Thursday, 30 October 2008

To Market, To Market

Walking to work today, the air was cold enough so that every breath I took escaped as what I called ‘dragons breath’ when I was a little girl. I love days like this. I have had a lot happening over the past few weeks (a dear Aunt has had a stroke, I have been under the weather and Carl has been working late an awful lot), and had fallen into the habit of catching the bus to work, but lately I have started to walk again, and am getting so much pleasure out of it. I leave ten minutes earlier than I need to so I can really absorb it all, and have time to be diverted on the way. I love to scuffle through the leaves, which are really crunchy at the moment. I adore the sweet almost coffee scent that rises up from a path of freshly scuffled leaves.



The light has that wonderful quality of being somehow sharp and hazy at the same time, and the sunshine is brilliantly dazzling. This morning I had a particularly lovely walk into work, as it ended with a quick trip to the market. I love the feeling of having some pennies in my purse and a shopping list of lovely things. First of all I visited the cheese stall, to buy some goats cheese. Tonight I am cooking roasted peppers filled with goats cheese and lentils, and then for lunch tomorrow I am making my favourite goats cheese, roasted pepper and chicken salad. When I got there they only had 1kg logs, which (as much as I do love goats cheese!) was just way too much for me, so the lovely man cut me a smaller slice instead. Then I moved on to the flower stall, as at this time of year I get a yearning for what I think of as Mrs Miniver chrysanthemums. I was torn between a deeper brown, a bright firey orange, and a smaller-flowered bronze somewhere between the two.
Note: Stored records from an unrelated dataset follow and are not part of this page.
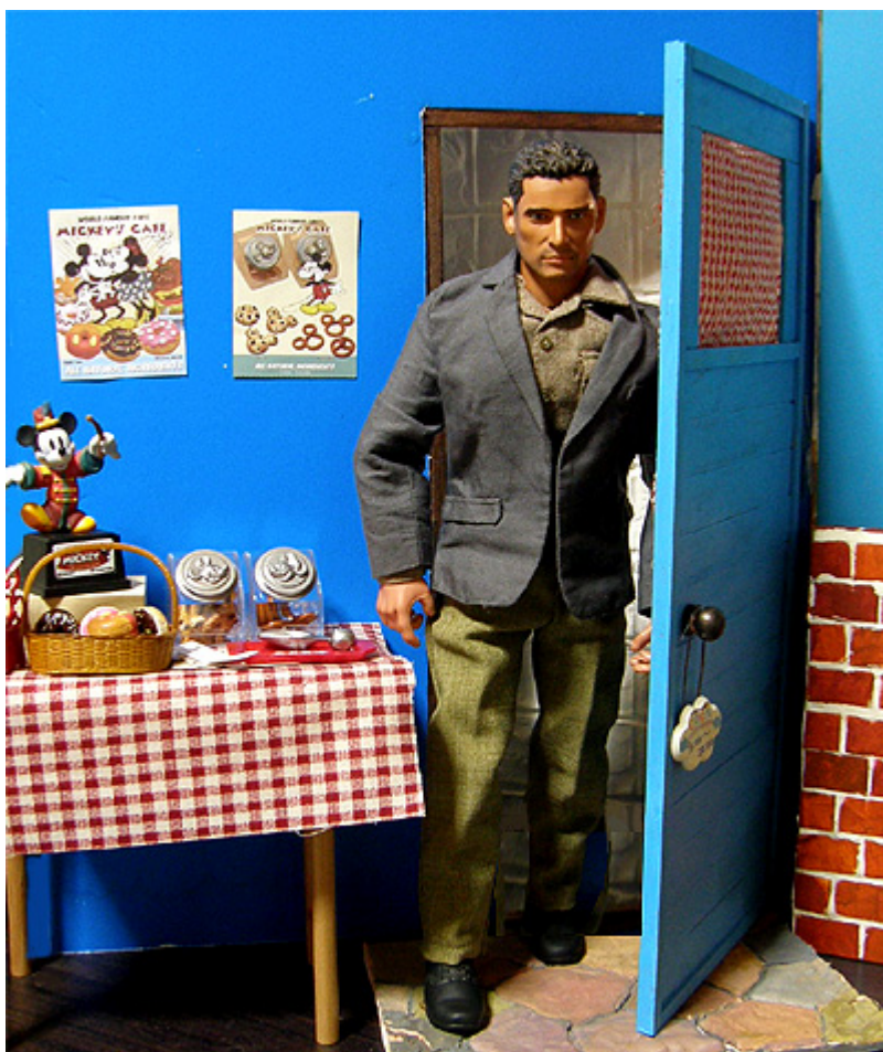
探偵がミッキーズカフェを訪れると、。。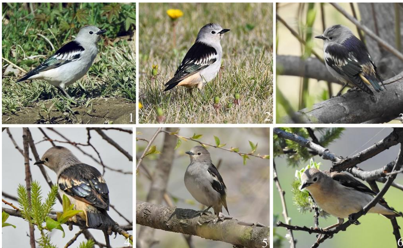
Рис. 3. Передовые пролётные малые скворцы Sturnia sturnina . 1 – Надеждинский район, село Сиреневка, 2 мая 2021, фото А.П.Ходакова; 2 – залив Петра Великого, остров Русский, 3 мая 2023, фото А.В.Вялова; 3 – там же, 6 мая 2022, фото И.А.Малькиной; 4 – окрестности города Находка, 8 мая 2019, фото Т.А.Прядун; 5 – окрестности Владивостока, 3 мая 2015, фото А.В.Вялова; 6 – окрестности города Находка, 4 мая 2019, фото Т.А.Прядун

тесной связью с древесной растительностью, в кронах которой ко времени вылупления птенцов насекомые становятся многочисленными, что в наземном слое, где в большей степени кормятся серые скворцы, происходит раньше.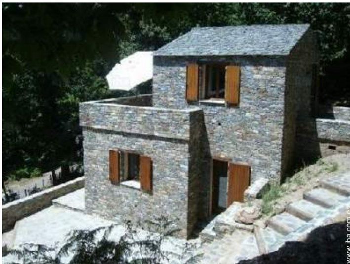
vista sobre la montaña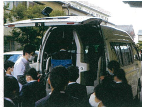
▲福祉車両のリフト体験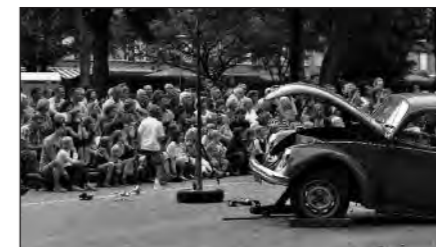
De volwassenen genoten van een voorstelling van Buurman op vakantie.

traal met een zeer vermakelijke muziekvoorstelling. De kinderen konden daarna een workshop knutselen volgen. 's Avonds was het de beurt aan de volwassenen. Zij werden getraakteerd op een knotsgekke voorstelling van "Buurman op vakantie". Voor een uitgebreid (foto)verslag; zie www.taogje.punt.nl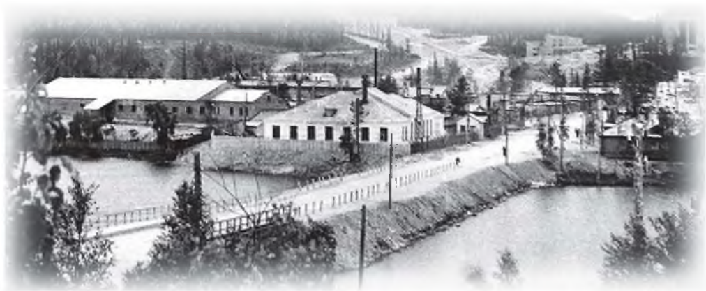
Дамба через озеро Ковдоро. Конец 1960-х гг.

Долго «не хотели» нормально садиться на дно ряжи, валились на бок. И так далее, и так далее.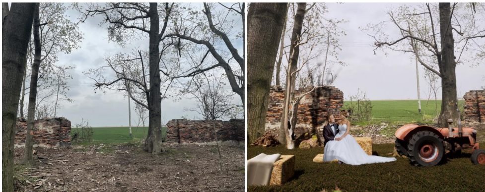
Fot. 6. Fragment parku z otwarciem widokowym, fot: K. Kliś, kwiecień 2022. Wiz. 1. Aranżacja „polska wieś”, opr. własne

powiązane z uprawą roli, a także maszyny rolnicze, jako elementy dekoracji (fot. 6, wiz. 1). Powyższe wnętrza, dzięki pagórkowatemu ukształtowaniu terenu i zadrzewieniu, są odseparowane od siebie, tworząc odrębne strefy, dzięki czemu można w tym samym czasie zorganizować kilka wydarzeń.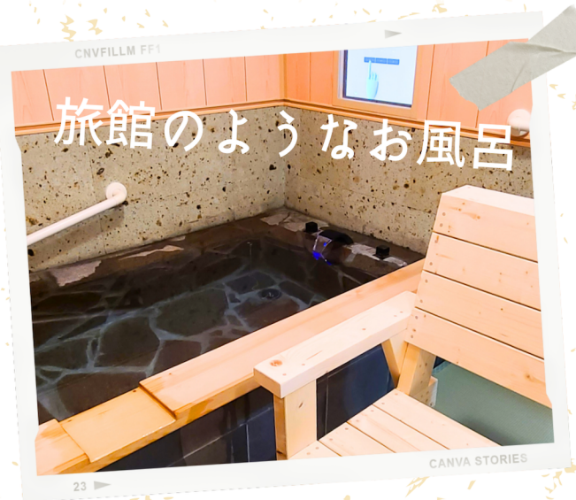
旅館のようなお風呂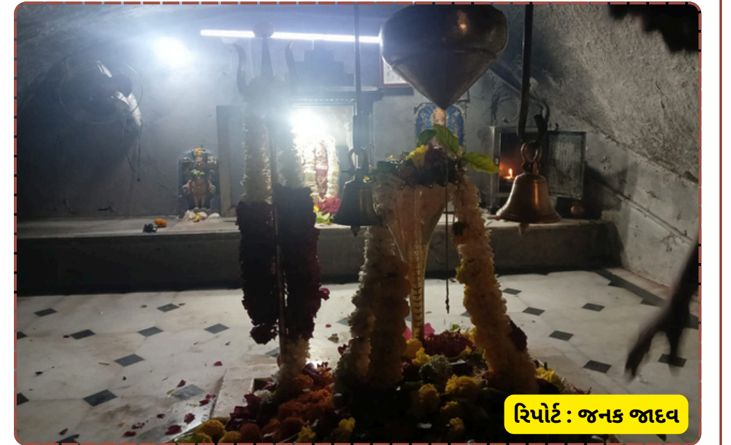
રિપોર્ટ : જનક જાદવ

અને દૂધ અર્પણ કરી પરિવારની સુખ-શાંતિ માટે પ્રાર્થના કરી હતી. સમગ્ર ઉત્તર ગુજરાતમાં શિવરાત્રીના પર્વ આરંભ અને ઉત્સાહનો ત્રિવેણી સંગમ જોવા મળ્યો હતો.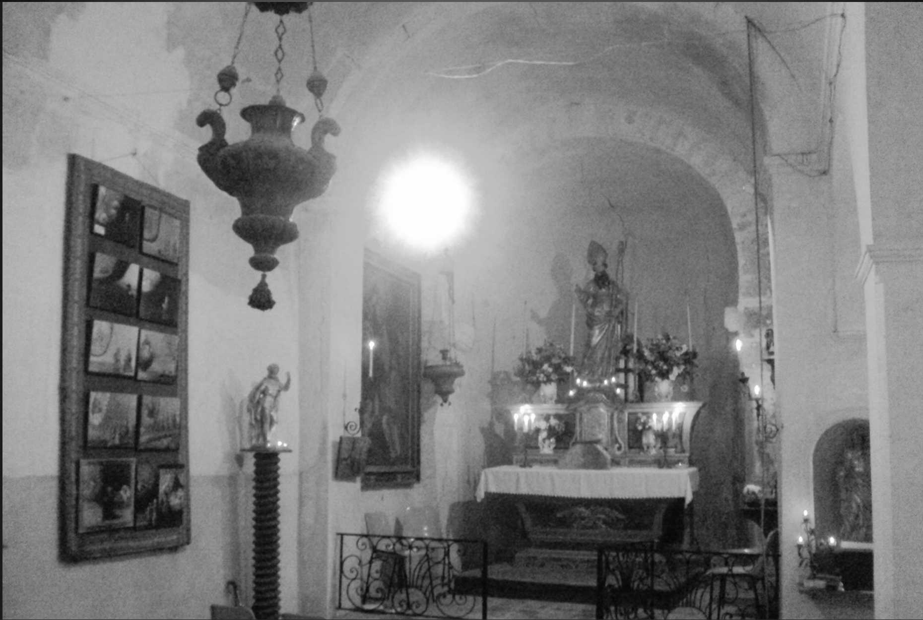
Chapelle St Bonet de Lagoy _ L'abside, voûtée en cul-de-four, serait une partie de l'église primitive du VIIIe siècle incorporée à la chapelle. L'autel et la grille de communion en fer forgé ont résisté aux outrages du temps et des hommes ...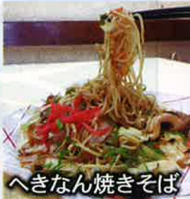
へきなん焼きそば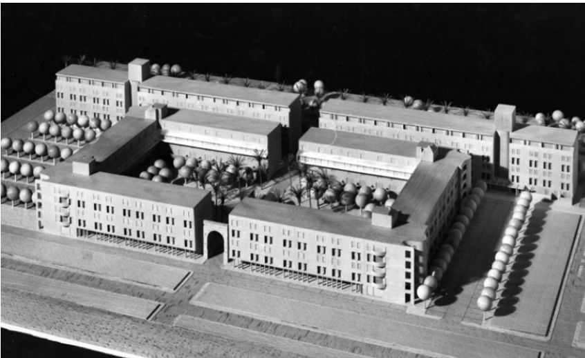
Maqueta del projecte original d'habitatges socials al solar de la Maquinista (1979-1988).

L'espai àmbit d'actuació és resultat de l'ordenació realitzada amb el projecte de l'estudi MBM Arquitectes l'any 1979-1988 per a la realització de 200 habitatges socials als antics terrenys del complex industrial de La Maquinista. El conjunt d'habitatges es va organitzar en una barra lineal amb façana al Passeig de Salvat Papasseit i un conjunt tancat en si mateix sobre un pati rectangular obert per a vianants (actual plaça Pompeu Gener) entre carrers de Ginebra, de Cermeño-Salamanca i d'Andrea Dòria. A l'altre banda dels costats curts de l'agrupació en rectangle se situaren dues bosses d'aparcament en superfície. La del costat sud, que separava el conjunt d'habitatges amb una altra agrupació existent d'habitatges amb façana al carrer d'Andrea Dòria, va ser consolidada amb els anys com a l'actual espai públic d'Antoni Genescà i Coromines. A l'altre banda del conjunt d'habitatges, si bé es projectà només com a una bossa d'aparcament, amb els anys es consolidà, igual que a l'altre costat, amb una nova edificació alineada al carrer de Ginebra i un espai entremig consolidat com a l'actual plaça de la Maquinista.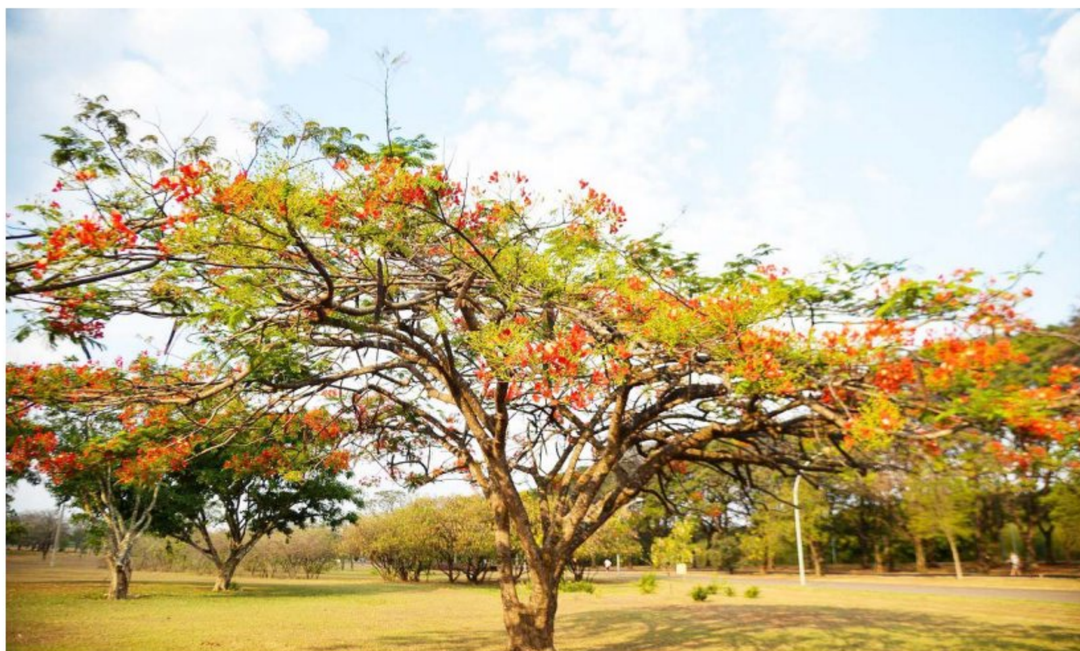
Começou na madrugada deste sábado (23), mais precisamente às 3h50 da madrugada, a primavera no hemisfério sul

“O nosso Calendário Gregoriano baseia-se no ano trópico e institui um ano bissexto em todos os anos divisíveis por quatro, exceto para séculos inteiros, que só são bissextos se forem múltiplos de 400. Isso faz com que o instante do início de uma estação seja próximo ao instante do início da mesma estação quatro anos antes ou quatro anos depois”, finalizou o Observatório. Ag. Brasil

I chose the bronze, and enjoyed carrying them through the market in their heavy paper wrapping. My last port of call was at a stall that sells all manner of dry goods, where I bought a tub of hot chocolate for my sister.

I really wanted to buy a new pair of slippers, but the slipper man was not there today, and I would have loved to loiter at the wool stall for a little while, but the clock was ticking, and work was calling.